Let’s say you want to validate a data model that represents a person’s name and age. You want to make sure that the name is not empty and does not contain any numbers or symbols, and that the age is a positive integer between 1 and 120. Here are the steps to achieve the goal:

  1. Import the necessary modules from Pydantic and the re module. You will need BaseModel and  field_validator from Pydantic, and the re module for regular expression operations.
  2. Define a regex pattern for names that only allows letters and spaces. For example, you can use the following regex: r"^[A-Za-z ]+$".
  3. Define your data model class that inherits from the BaseModel class. Use the str type annotation for your name field and the int type annotation for your age field.
  4. Define a validator function for each field using the @field_validator decorator. Use the re.fullmatch function to check if the name field value matches the name regex pattern. Use a simple if statement to check if the age field value is within the desired range. If the value does not pass the validation, raise a ValueError with a custom message. If it passes, return the value.
  5. Create an instance of your data model class with some data and check if it is valid or not. If the data does not pass the validation, Pydantic will show some useful error messages.

Complete code:

# Import modules
from pydantic import BaseModel, field_validator
import re

# Define a regex pattern for names
NAME_REGEX = r"^[A-Za-z ]+$"


# Define a data model class
class Person(BaseModel):
    name: str
    age: int

    # Define a validator function for the name field
    @field_validator("name")
    def validate_name(cls, value):
        # Use re.fullmatch to check if the value matches the name regex pattern
        if not re.fullmatch(NAME_REGEX, value):
            # Raise a ValueError if the value does not match the pattern
            raise ValueError(f"{value} is not a valid name")
        # Return the value if it matches the pattern
        return value

    # Define a validator function for the age field
    @field_validator("age")
    def validate_age(cls, value):
        # Check if the value is within the desired range
        if not (1 <= value <= 120):
            # Raise a ValueError if the value is out of range
            raise ValueError(f"{value} is not a valid age")
        # Return the value if it is within range
        return value


# Create an instance of data model class with valid data
try:
    person1 = Person(name="Turtle", age=45)
    print(person1)
except ValueError as e:
    print(e)

# Create an instance of data model class with invalid data
try:
    person2 = Person(name="Puppy", age=999)
    print(person2)
except ValueError as e:
    print(e)
    # 1 validation error for Person
    # age
    #   Value error, 999 is not a valid age [type=value_error, input_value=999, input_type=int]

This approach is verbose and repetitive, as you need to define a separate validation function and decorator for each field that you want to validate.

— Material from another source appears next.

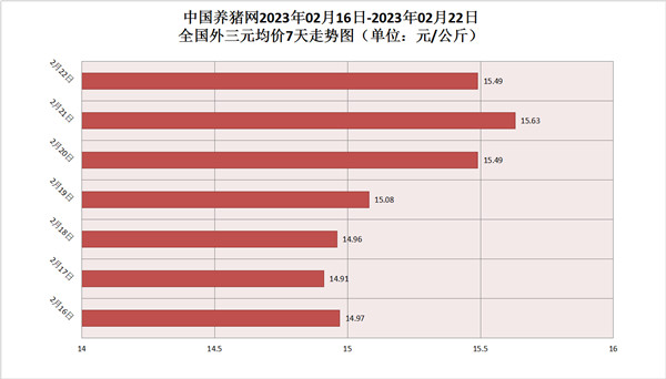 2023年02月22日(星期三),据中国养猪网猪价系统监测,全国外三元均价为15.49元/公斤,猪价较昨日(15.63元/公斤)下跌了0.14元/公斤,较上月(15.60元/公斤)下跌了0.11元/公斤。

However, it is flexible and powerful, as you can use any regular expression function from the re module and customize the validation logic and error handling.

Conclusion

You’ve learned 2 methods to use Pydantic in combination with regular expressions. Each of them has its own strengths and weaknesses. If your use case is simple, the first one is good to go with. If you situation requires using complex regex patterns, then the second one might be the better choice.

This tutorial ends here. If you find something outdated or incorrect, please let me know by leaving a comment. Happy coding & have a nice day!